A bunch of school students with help from researchers at the University of Arizona have published a paper in the American Journal of Botany that may help better climate models. Their work reveals that the shrinking of dried leaves, if unaccounted for, may make climate models less reliable.

These computer models are based on fragments of data of the Earth's past that we find in fossils. One such fragment is fossilised leaves. Typically, species that spring larger leaves indicate warmer climates and a favourable environment. However, the area of fossilised leaves, when measured today, is not an exact representation of the fresh leaves of the time. Leaves shrink as they dry and get fossilised, and they lose more water in warmer climates thereby shrinking more.

In spite of this known phenomenon, many studies assume that shrinkage is negligible and use area of fossilised leaves interchangeably with area of fresh leaves. Thus climate models based on those measurements may well be misrepresentative.

While teaching students at a local high school, Ben Blonder, a graduate student at the University of Arizona, realised that he had a pool of eager beavers that could help him work out whether this hypothesis of shrinking leaves and climate models holds up. After designing some simple do-it-yourself experiments, over 100 students stepped out of their classrooms to collect leaves from the Arizona Campus Arboretum.

To show that the extent of shrinkage in fossilised dried leaves is far from negligible, the students carried out an experiment. They replicated the fossilisation process that leaves naturally go through by drying some leaves at 60 deg C, and measured the resulting shrinkage.

The students found that leaves from certain species actually shrink at a much higher extent than previously thought. Leaves of the Colorado ragwort (picture shows a Showy ragwort, a cousin), for instance, shrunk by as much as 41% in area when left to dry. Thicker leaves from other species shrunk by as much as 80%. On average, though, they found that leaves typically shrink by a margin of 10-30%, clearly showing that shrinkage in dried leaves can be substantial. This, they knew, meant that measurement of fossilised dried leaf area could not be interchanged with measurement of fresh leaf area.

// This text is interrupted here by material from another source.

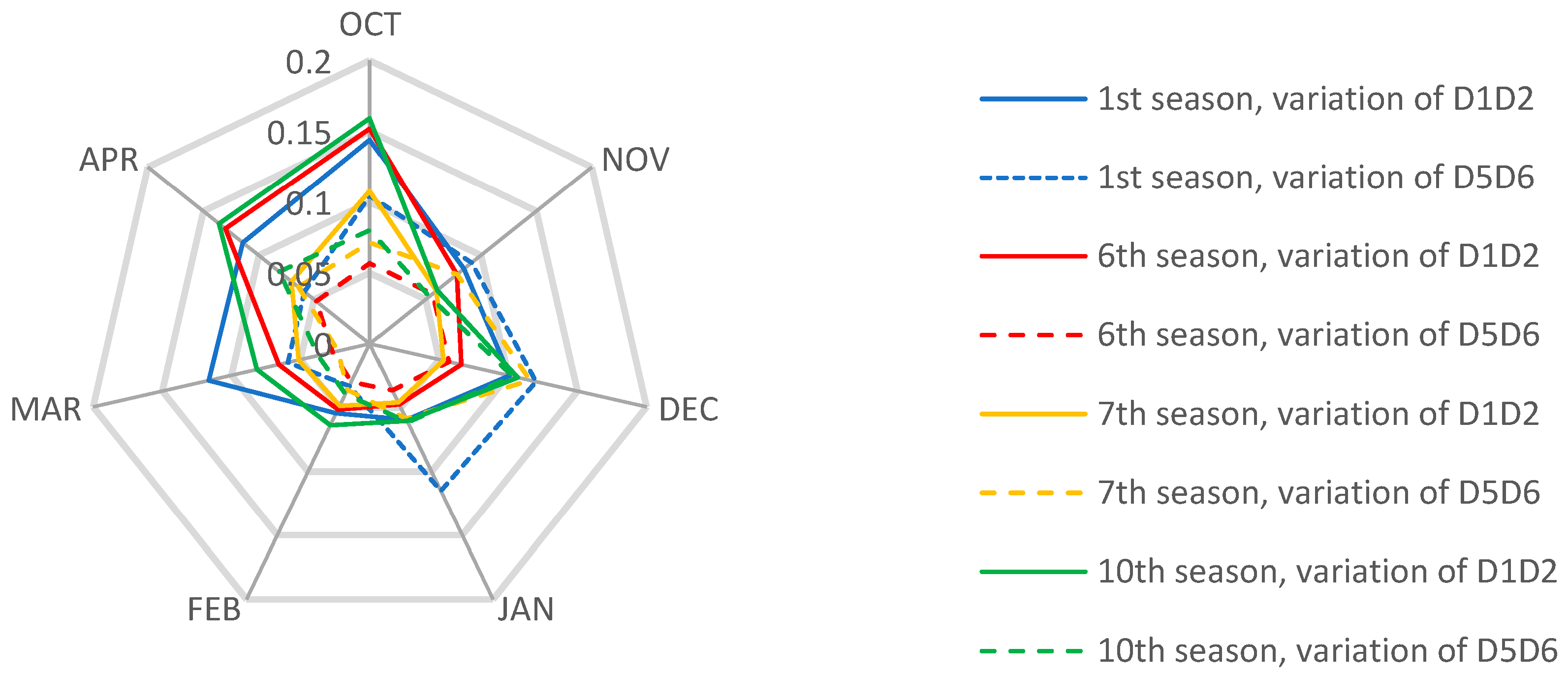 1st season, variation of D1D2 | 0.144 | 0.085 | 0.101 | 0.059 | 0.054 | 0.116 | 0.114 |

But the students did not stop there. To find a way to limit or even reverse the shrinkage of fossilised leaves, the students carried out three further sets of experiments. First, to verify if hydrating drying leaves would have any impact on shrinkage, they dried leaves following the same procedures they initially followed but then placed the leaves in a damp environment. Second, to ensure that a plentiful source of water to the plant does not have any effect on leaf shrinkage, they hydrated the leaves first and then dried them. Third, some leaves were just left in mud throughout.

Leaves that were hydrated following a period of drying, they found, did not shrink by much. This exciting result was the solution to averting the shrinkage problem. Indeed, if fossilised dried leaves are rehydrated before measurement, the resulting area would be representative of fresh leaf area. The students also found that leaves that were buried in mud shrunk even less. This was surprising as it indicates that dried leaves shed from trees in damp environments may not shrink very much at all. Hydrating leaves before drying though had a negligible effect on shrinkage confirming that shrinkage does not depend on the plant's availability of water.

The students have thus not only shown that leaves may shrink more than initially thought but also propose that fossilised leaves can be hydrated before measurement. Not least importantly, the experiments resonated with the students. Of the 105 students who were involved, 40 completed the requirements necessary to qualify as coauthors on the scientific paper. Bringing such DIY-types of science achieves many things, among which is a unique form of engagement with science.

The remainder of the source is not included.